Data exploration and visualization

Method development is needed into data exploration and visualization of the generated materials data. This is a new and exciting field of multidisciplinary research where data science meets computational materials physics. Specific activities in this group include:

Theoretical Characterization of Point Defects in Silicon Carbide and Other Materials.

Systematic large-scale study that utilizes the automated workflows and open-data infrastructure in 5.3 to enumerate and theoretically characterize a wide range of point defect properties in SiC, and later extended to other materials. A PhD student supervised by Prof. Abrikosov and co-supervised by Dr. Armiento will be supported by the MCP to address the task.

Data driven materials design with special focus on double perovskites: high-throughput generation of magnetic data for a large set of double perovskites. Analysis and data mining using machine learning techniques. A Postdoc allocated at KTH (Prof. Delin) will be supported by the MCP to address the task and to ensure close collaboration with ML MCP.

Topological fingerprints for detailed visual exploration and generation of feature vectors for automatic learning methods (in collaboration with the visualization MCP): The search for novel materials involves large-scale simulations and experiments to discover possible new material configurations. To fully leverage the potential of the resulting data advanced data analysis methods are essential. This comprises the exploration of the physical properties of the selected material in detail but also to use the gained knowledge to improve the exploration of the large parameter space.
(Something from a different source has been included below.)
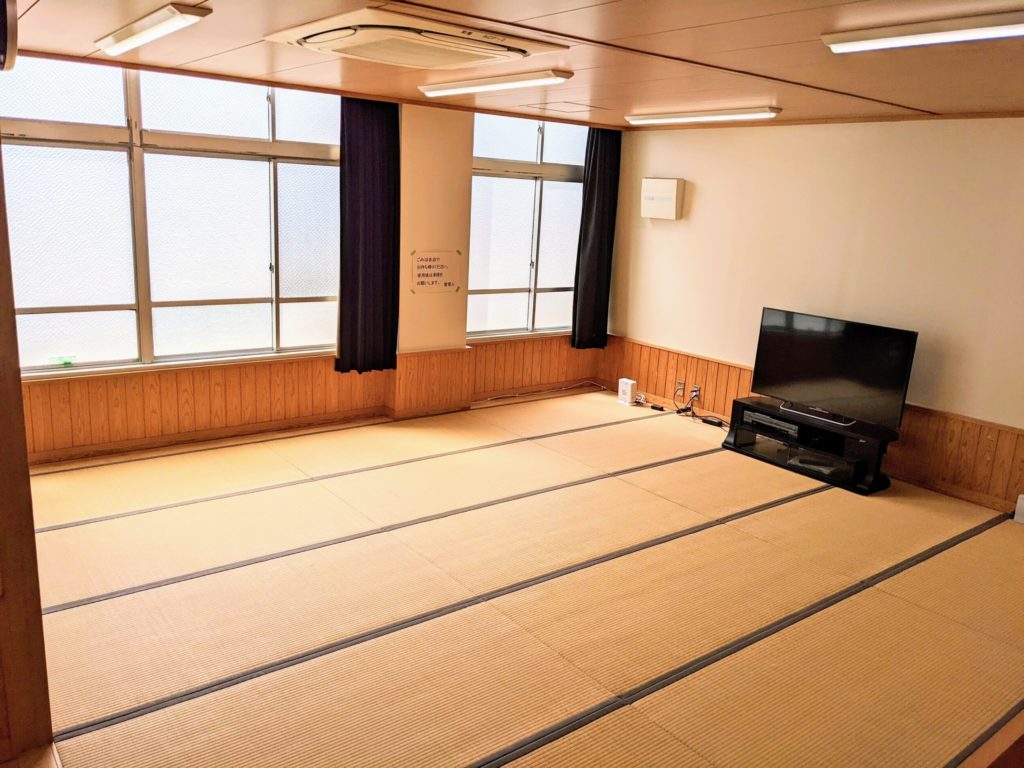 人数は50名ほど入る、施設で一番広い部屋です。冷暖房も完備。
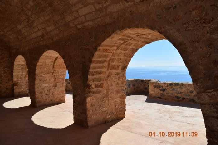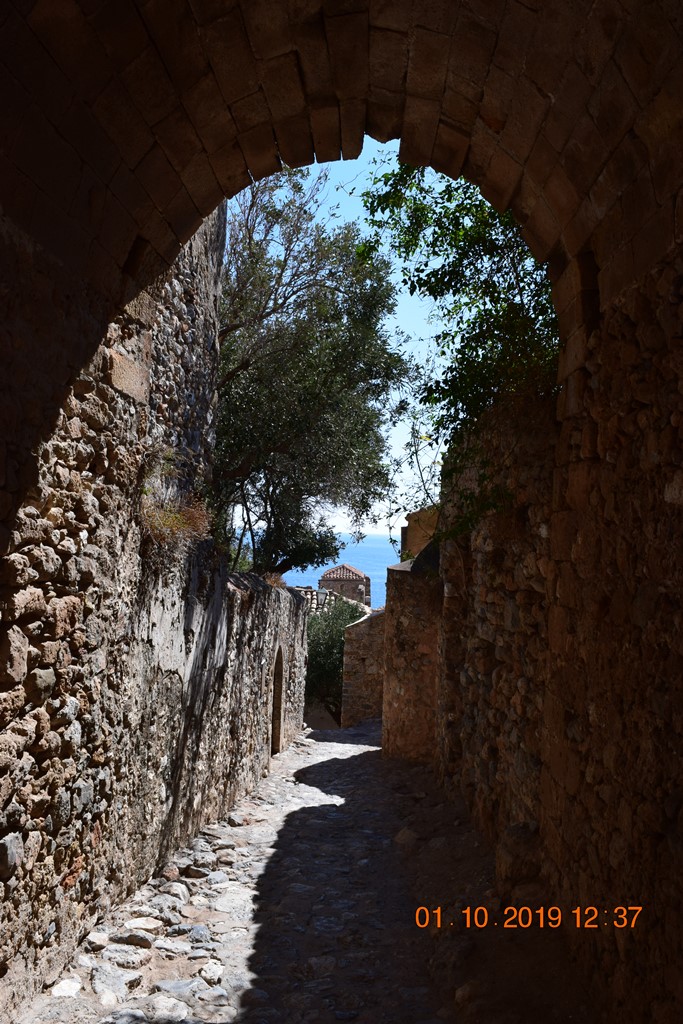 Если кратко-кратко, то Монемвасия была основана в 6 веке бежавшими от захватчиков жителями Спарты, но уже в 587 году её захватили славянские племена, потом: византийцы, франки, опять византийцы, османы, венецианцы и снова османы и только после обретения Грецией независимости в 1821 году Монемвасия вернулась к родным берегам.

Within this project we plan to exploit methods from topological data analysis (TDA) for this purpose. Topological data analysis provides a powerful concept in reducing data to its structural skeleton based on topological invariants. Such structures have been proven useful to guide visualizations in many applications. However, its special strength are quantitative stability measures of characteristic features. Topological barcodes summarize the topological invariants and their stability and can be interpreted as unique fingerprint of the data. As such they provide an unbiased and mathematically rigorous future vector for the generated fields and are well suited to serve as input for learning methods. Tracing the feature vectors across parameter spaces facilitates interactive visualization of relevant material properties to understand the system dynamics.

While TDA provides a large set of solid concepts for data analysis it specific use and integration depends strongly on the chosen application and the physical properties of interest. Within the DCMD- MCP we will build a topological framework specifically targeted towards the needs of electronic structures simulations. First experiments of applying topological invariants for the analysis of charge density distribution and chemical bonds between atoms have been very encouraging (see Figure). We will therefore focus on exploring the physical interpretation of the TDA applied to electronic density distributions in solids using extensive data collected in materials science data bases and generated in this MCP. We will investigate if the TDA is capable to accelerate applications of the machine learning for materials properties and derivation of materials categories from unsupervised analysis of correlated patterns: (in collaboration with the machine learning MCP). A Postdoc allocated at LiU (supervised by Dr. Armiento, Dr. Herman, Prof. Hotz and Prof. Abrikosov) will be supported by the MCP to address the task.

Fig: Results of topological data analysis of electronic density of FeO2at ultra-high pressure. Calculations by Abrikosovet al., visualization by Hotzet al.